I had finally made the decision to part ways with it and upgrade to a new queen size bed. It suited my room, was a perfect fit and was delivered and set up for free. Suddenly, my old single bed was forgotten as the new one sat in front of me, filling the room with that new furniture smell.

That night, as I excitedly jumped into my new bed I came to the conundrum of deciding which side to sleep on. I’ve never had to make this decision before, as while I have slept in beds of this size, it had always involved a second person and it was usually their bed. I eventually chose the left side as this was the closest side to me and settled down to watch some T.V before I drifted off. It didn’t take long for me to realise that there was a large, unfilled space to my right, where the blankets weren’t messed up and the pillow sat perfectly unblemished. Nothing has ever made me feel so single in my life. Ever.

The next morning I found myself sprawled out diagonally and by the morning after that I had worked my way up to horizontal status. Being the still and quiet sleeper that I thought I was, this came as a bit of a surprise. So in an effort to combat my restlessness, the night after that I slept in the middle of the bed, with both pillows piled on top of each other.

This was fine until I found myself awake at 1am in the morning, with blankets on the floor, head facedown in the pillows, sweat formulating on my forehead and my body positioned somewhat like a dead starfish. I have no idea what I was dreaming about, but I blame the bed.

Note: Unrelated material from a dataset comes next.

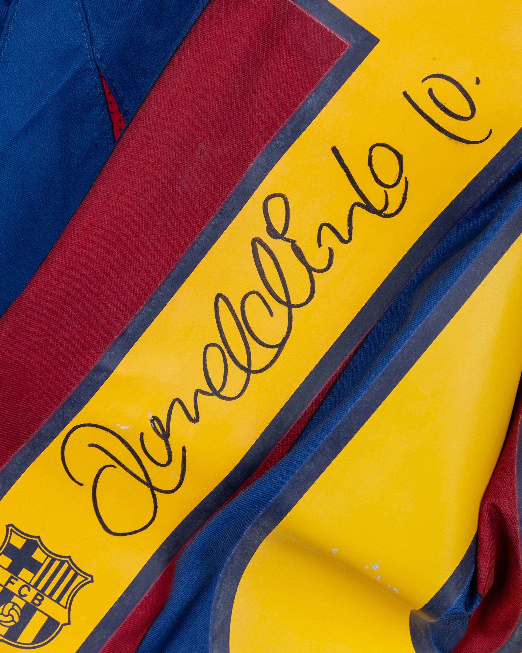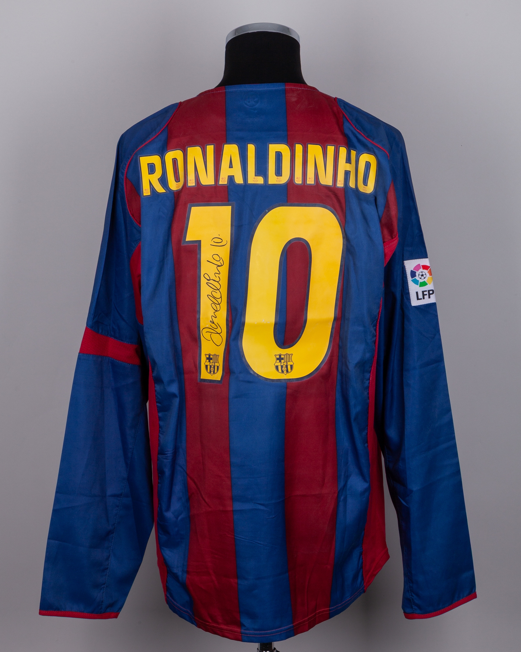 A Barcelona Ronaldinho autographed replica shirt, the number autographed

This all lead me to curiously wonder where my old perfect-fit bed had disappeared to (and whether I should give my ex-boyfriend a call), however not one to give up, I gave the giant bed another go. A week later, I seemed to have found the perfect formula: one pillow (the other one hidden so that I can’t be confronted with my singleness), sleeping in the middle of the bed (again to avoid my singleness) and sleeping on my side. So far it’s been working, lets just hope it stays that way for the sake of all single people out there.

Monday, July 03, 2006

Yay or Nay?

It’s that time again…The time where you find yourself staying up at all hours of the night, just because you can. It’s the time where your normal routine gets a culture shock, where night becomes day, day becomes night and where you become so hazy that you don’t know what day it is. Yes, it’s the School holidays.

Being a year twelve student going into her final term of secondary education, this means that this is my last break before my HSC. Now, after getting through all the pressures and assessments that I was bombarded with last term, it is expected that these holidays will be just that, holidays. A time to breathe and relax until the whirlwind picks up again. While this all sounds so acceptable, I am faced with one problem: holiday homework. To add insult to injury, I also have another two assessments to be completed and study notes written for each subject.

Upon the arrival of these two weeks of ‘holidays’ I was faced with some options. I could procrastinate like I usually do and go into panic mode the day before school comes back where my hand rebels against me because it has forgotten how to write, or I could formulate a disgustingly organised routine and get things done accordingly.

I would like to say that the jury is still out on this one, but judging by the fact that I spent most of my night doing nothing in particular, that I didn’t wake up until 1:30pm and the fact that when I did finally wake up, I thought it was Tuesday, the verdict doesn’t look good.